Only using part of the data to create profiling results

Push down sampling (Jobserver) or partial scan (Random Rows) (Edge) means that the task of creating a set of data to profile is delegated to the data source itself and allows to only use part of the data to create profiling results.

  • The data source randomly selects data to profile and transfers it to the Jobserver or the Edge site in one fetching process.
    If the Jobserver cache storage is reached, the fetching process can be stopped. Because the data source already created the data randomly, the omitted data can be ignored without lowering the representativeness of the data.
  • Push down sampling or partial scan can be done using dynamic SQL query, if the data source supports it.

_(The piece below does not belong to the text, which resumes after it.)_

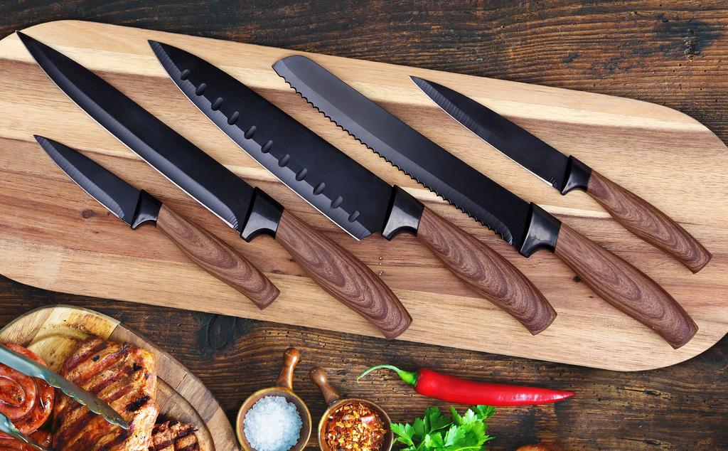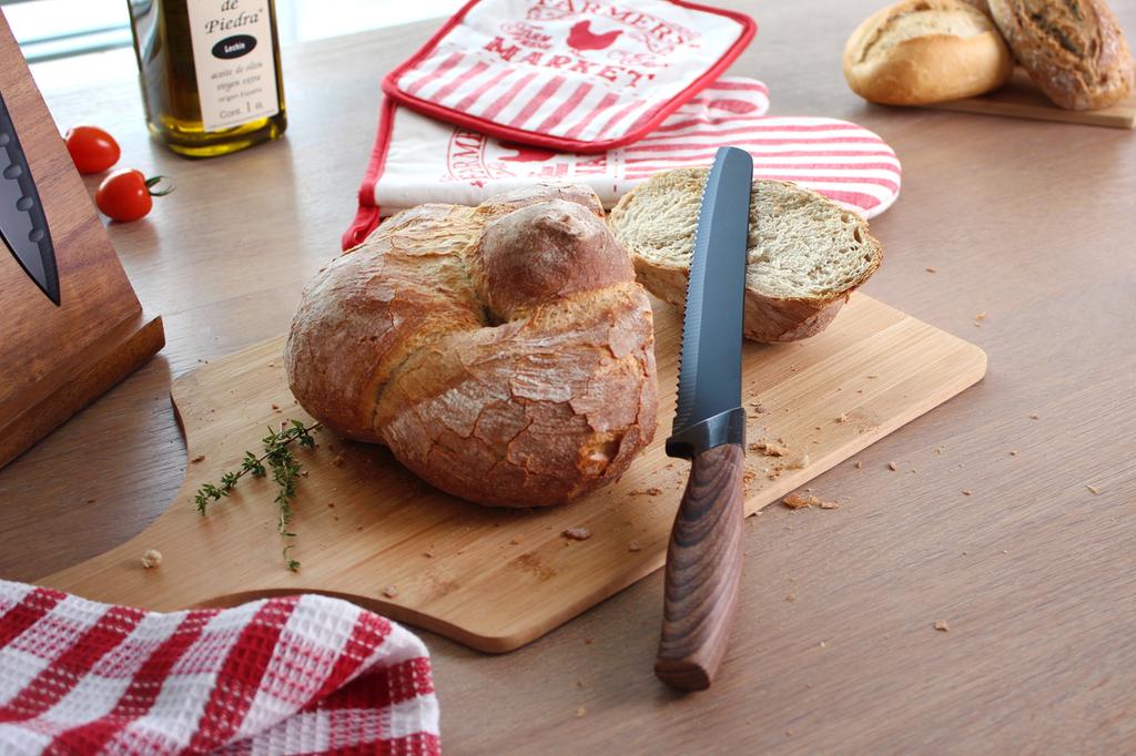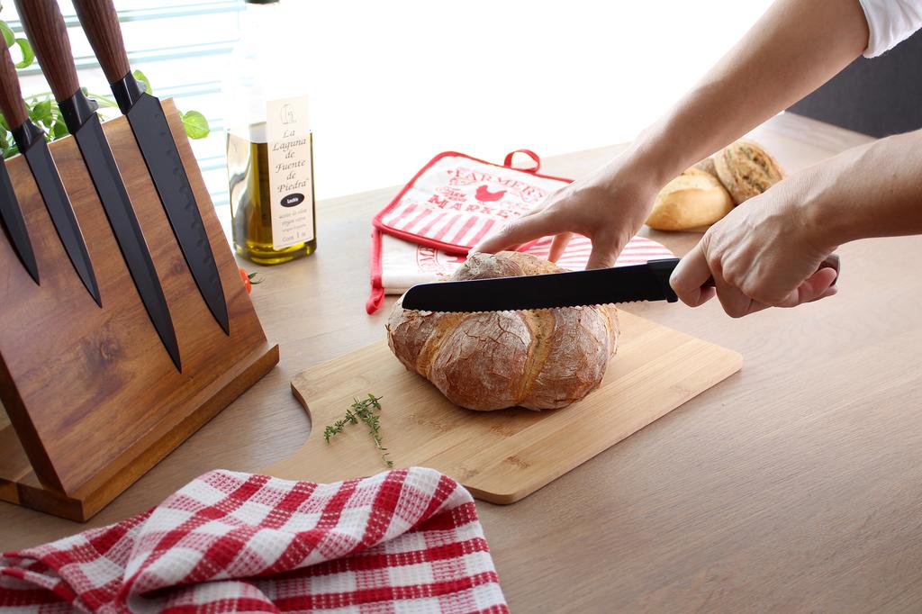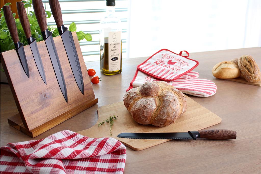 Sada nožov PROVENCE Exclusive obsahuje 5 ks najpoužívanejších nožov. Nože majú ergonomickú rukoväť s imitáciou dreva, ostrú čepeľ s nepriľnavým povrchom. Sú vysoko odolné a ľahko sa čistia. Sada obsahuje 5 ks nožov: kuchársky nôž: široká, špicatá čepeľ určená na sekanie, krájanie na kocky či plátky a na drvenie, nôž na chlieb: zúbkovaná alebo zvlnená čepeľ, ktorá si ľahko poradí s tvrdou kôrkou i mäkkou striedkou, porcovací nôž: úzky nôž s dlhou čepeľou a ostrou špičkou určený na krájanie a porcovanie mäsa , univerzálny nôž: kvalitný viacúčelový nôž vhodný na krájanie a orezávanie mäsa či veľkých kusov zeleniny, lúpací nôž: malý špicatý nôž na ovocie a zeleninu.

For an overview, see Overview of Collibra-certified JDBC drivers.

Push down sampling or partial scan drastically increases the performance of collecting data to profile.

Push down sampling is not used by default on Jobserver. To use push down sampling, do the following:

Step

When

Description

1 Manage the driver Add the pushDownSampling connection property.
2 Register your data source Follow the usual steps to register a data source, but include the following options:
  1. Enter a value for the pushDownSampling connection property.

    Note 
    • The value must be between 100 and 1 000 000. Your data source creates the set of data to profile from that amount of rows.
    • If the size of the amount of rows exceeds the limit of the cache storage (Collibra recommends 10 to 20 GB), the amount of rows is reduced.
    • If you typed a value that is bigger than the amount of rows in the data source, the entire data source is used to create the profiling results.
  2.  Select Store Data Profile and, optionally, Store Sample Data to profile via Jobserver.

Random Rows is an option when you profile and classify a data source that allows partial scan. For details about the options, go to Profiling and classification options.